Die Angst vor der Vergangenheit wird ausgelöscht und dem Volk Israel so der Weg in eine strahlende Zukunft eröffnet. Sieg taumelnd zieht das Volk weiter. Nun, so denkt es, kann es nichts mehr aufhalten. Nun werden sie schnurstracks in das verheissene Land ziehen. 
Doch so einfach geht es nicht. Immer wieder zweifelt das Volk. Auf dem Weg in die Zukunft läuft es eben nicht wie am Schnürchen. Immer wieder gilt es für die Zukunft zu kämpfen. Da fühlt sich das Volk wie in einer Wüste gefangen, hat Angst zu verdursten. Immer wieder Bedarf es des Eingreifen des Mose und Gottes. Aus einem Stein lässt Gott Wasser sprudeln, gibt dem Volk die Kraft, den nächsten Schritt zu gehen. 

Immer wieder wird das Volk Israel von anderen Völkern angegriffen oder behindert. Es gibt eben noch mehr Menschen, die sich auf den Weg in Richtung Zukunft machen. Und alle haben Angst, das, was in der Zukunft auf sie wartet, teilen zu müssen.

40 Jahre muss das Volk letztendlich durch die Wüste ziehen.
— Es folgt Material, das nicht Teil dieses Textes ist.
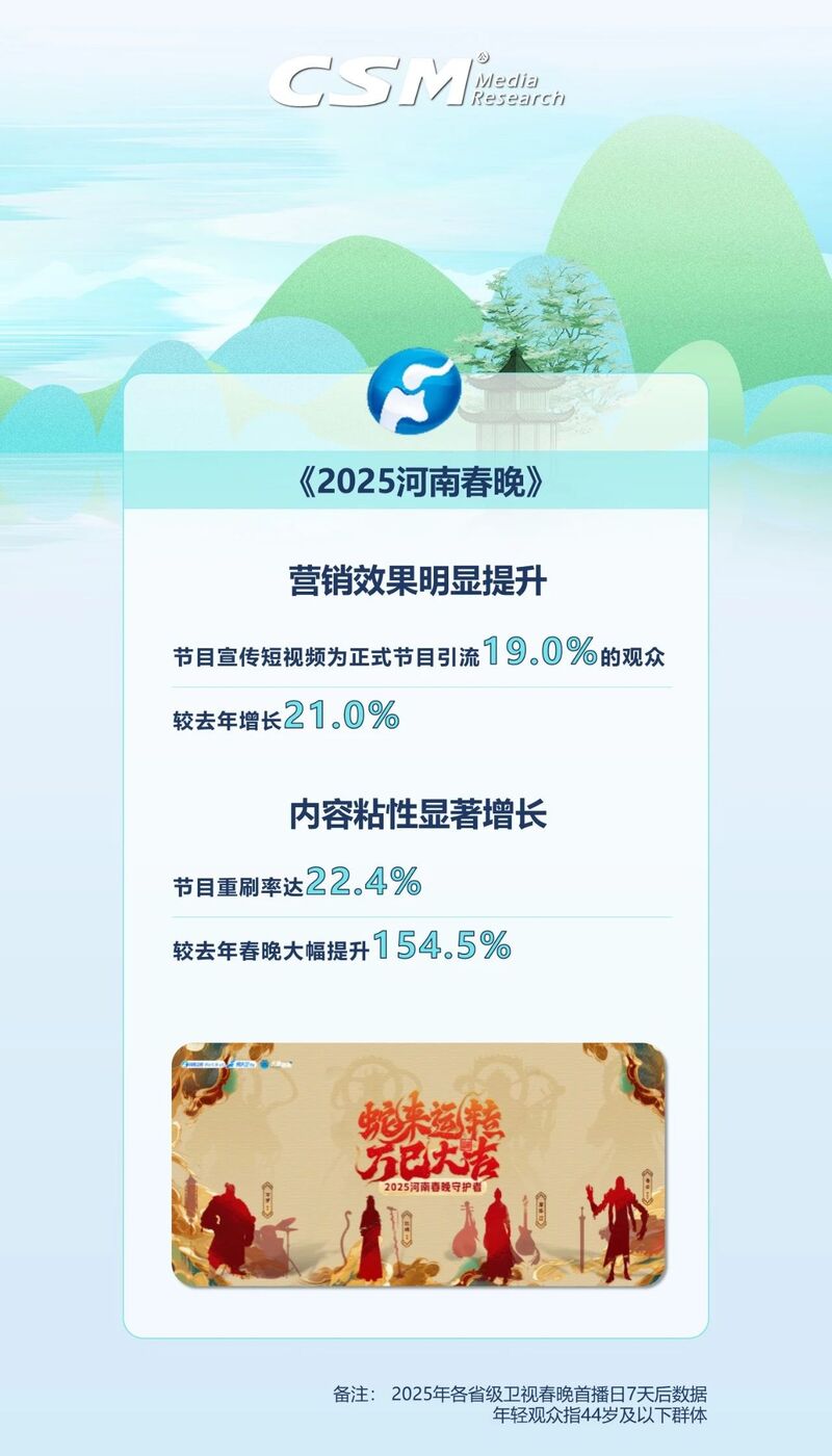 再把时间线往前推移,作为 2025 年蛇年“中国节日”开篇之作的河南春晚,同样展现出中华文化传承与创新的强大生命力。《2025河南春晚蛇来运转万巳大吉》通过“短视频引流+长尾运营”策略激活用户深度参与,在预热阶段发布的宣传短视频为正式节目引流19%的观众,较去年增长21%,这种以轻量化内容撬动流量、以精品正片深化体验的模式,实现了传播广度与内容深度的平衡,更推动“中国节日”IP从文化符号升级为全民参与的文化新生态。

Doch dann erreichen sie das verheissene Land. Sie haben es geschafft. Sie erobern die Zukunft. Doch auch dort müssen sie feststellen: Es ist nicht alles Friede, Freude, Eierkuchen. Auch in der Zukunft angekommen sind sie noch nicht am Ziel. Sie müssen immer wieder dafür kämpfen, das Erreichte zu sichern. Und selbstverständlich setzen sich die Israeliten neue Ziele, die wieder erreicht werden wollen. Die Zukunft liegt eben immer vor einem. Sobald man angekommen ist, muss man den nächsten Schritt tun.

Kurz gesagt: Das Leben ist kein Ponyhof. Doch es lohnt sich, das Leben in Angriff zu nehmen und sich auf den Weg in Richtung Zukunft zu machen. Wer rastet, der rostet. Stehenbleiben bedeutet den Tod.
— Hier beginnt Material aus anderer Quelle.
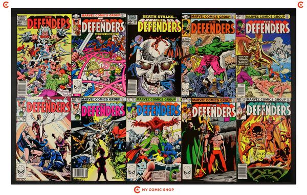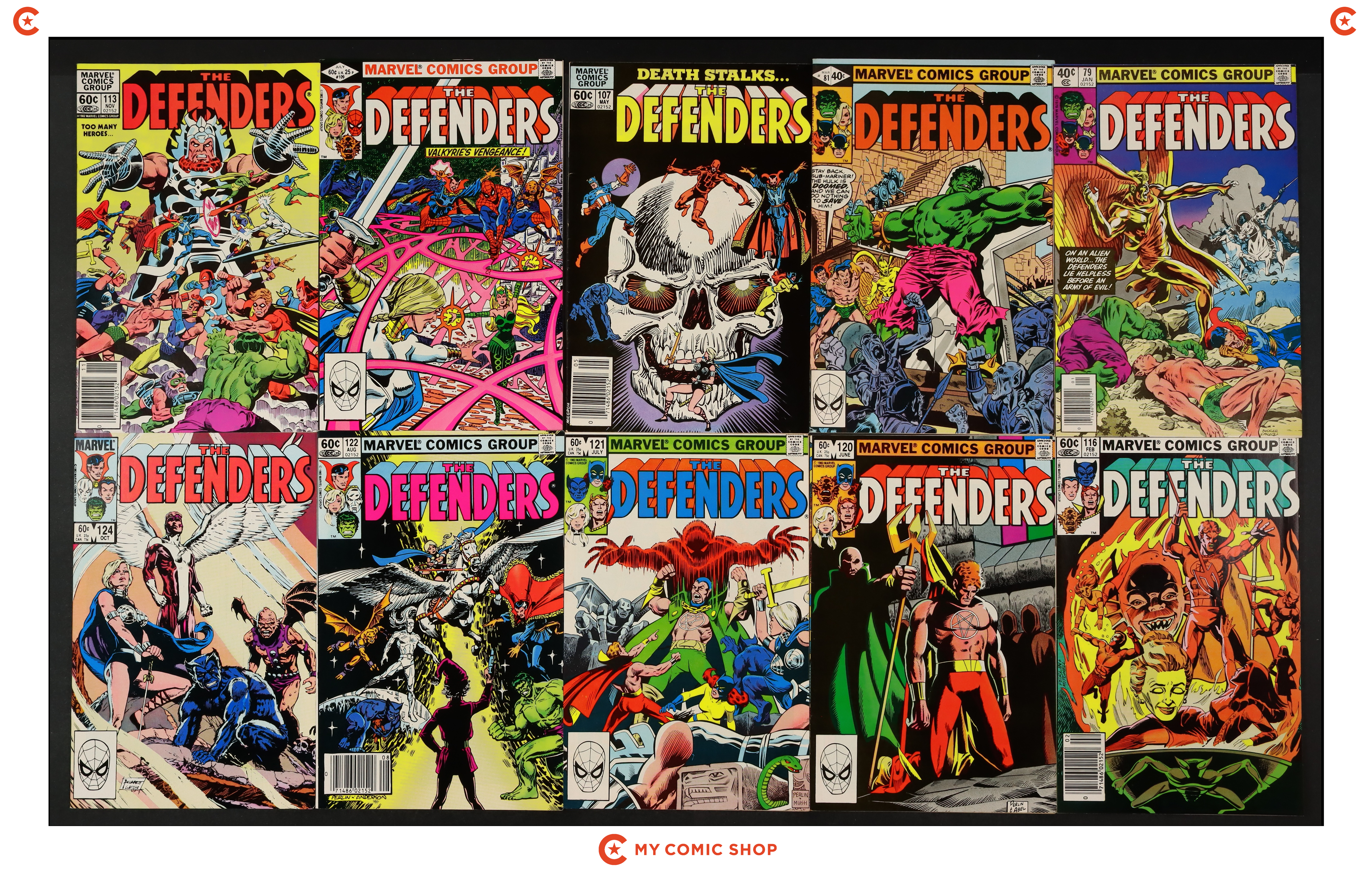 Issues 79N, 81, 107, 109D, 113, 116, 120, 121, 122, 124 of Defenders (1972 1st Series). Most will grade in the FN+ to VF range.

Ich gehe hoffnungsvoll in die Zukunft. Zugleich bin ich mir bewusst, dass der Weg nicht einfach ist. Es wird immer wieder Rückschläge zu verkraften geben. Es ist eben nicht wie in diesen wunderbaren Lebensberatern, die gerade so in sind. Eine Entscheidung reicht nicht aus. Jeder muss immer wieder für seine Zukunft kämpfen. Und es lohnt sich dranzubleiben, auch wenn man 40 Jahre durch die Wüste irrt, bevor Land in Sicht kommt. Denn die Zukunft ist verheissungsvoll, auch wenn sie am Ende anders aussieht, als wir sie uns erträumt haben.